It wasn't until the 19th century that archaeology became an established discipline. The subjects of study in the field range from fossils of humans of 4.5 million years ago to the concerns of contemporary city-dwellers. The excavation of archaeological sites has provided information about the Ice Age, the development of agriculture, the civilizations of the ancient Egyptians and the Anasazi, and other historical cultures and events. In the 1870s, Heinrich Schliemann did some early work, excavating sites in Greece and Turkey that he believed to be the city of Troy described in Homer's Iliad. (It was later determined that the artifacts of the area were actually 1,000 years too old to have been part of Troy.) Arguably the most famous archeological excavation involved the tomb of the Egyptian pharaoh Tutankhamun (King Tut), which was discovered by British archeologist Howard Carter in 1922.
These excavations, and others before the 1960s, were large in scale. Archaeologists preferred to clear as much land as possible, hoping to uncover more artifacts. But today's archaeologists understand that much can be lost in an excavation, and they limit their studies to smaller areas. With radar, sensors, and other technologies, archaeologists can discover a great deal about a site without any actual digging.

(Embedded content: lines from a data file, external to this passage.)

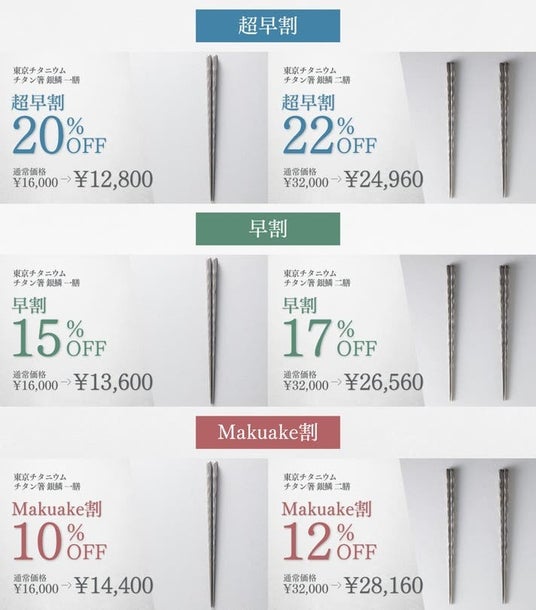 株式会社東京チタニウム(本社:埼玉県さいたま市/代表取締役:小澤 良太)は、チタン製の食事箸の開発と普及を目指し、クラウドファンディングによる資金調達を開始します。このプロジェクトは、2025年6月26~2025年9月22日までの期間限定で、応援購入サービスmakuake(URL: https://www.makuake.com/project/tokyo-titanium/ )にて実施されます。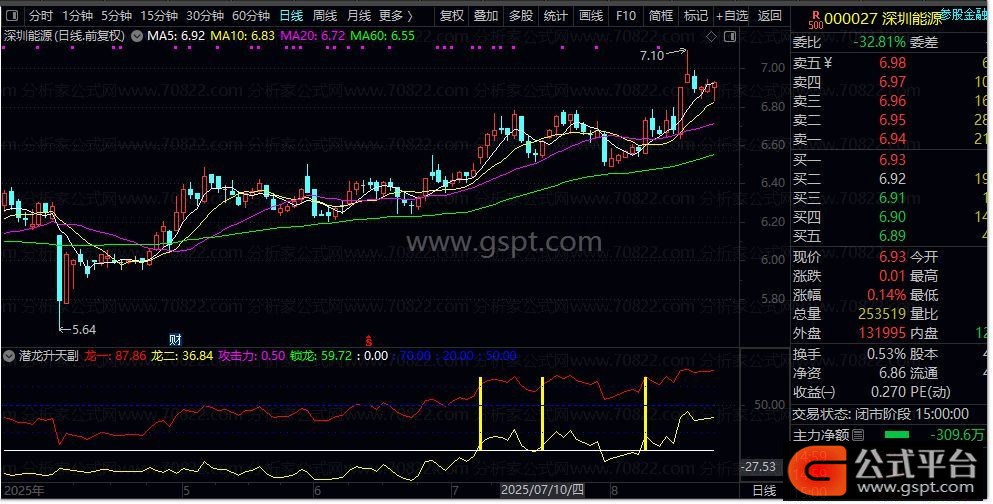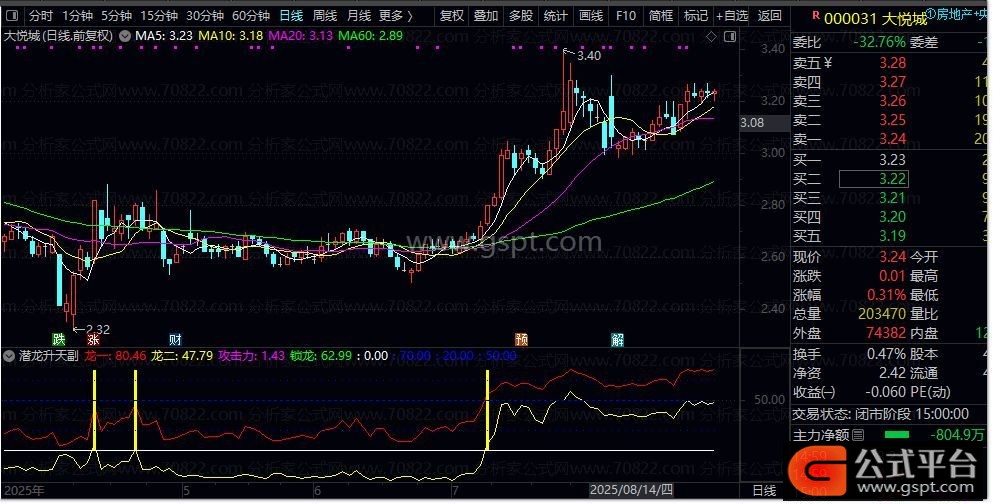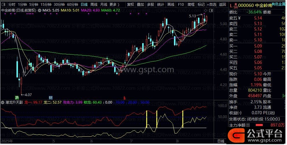 STICKLINE(龙二>0 AND C>gspt18 AND REF(龙二,1)<0,0,80,1,0),COLORYELLOW;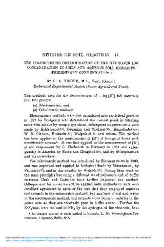 Studies on soil reaction. II. The colorimetric determination of the hydrogen ion concentration in soils and aqueous soil extracts.

One noteworthy trend is the emergence of cultural resources management (CRM) archaeology, in which archaeologists are hired by CRM firms; large companies that provide engineering, environmental impact, or planning services; colleges and universities; nonprofit organizations; tribal governments; museums; and federal, state, and municipal agencies to determine if cultural resources are present at proposed construction and land use sites and document and/or recover these resources before the project begins. An increasing number of government- and private-funded construction projects has created strong demand for archaeologists in this specialty. It is estimated that cultural resources management (CRM) archaeology is now a $1 billion industry annually in the United States, and CRM projects make up at least 90 percent of all field archaeology that is conducted in the United States.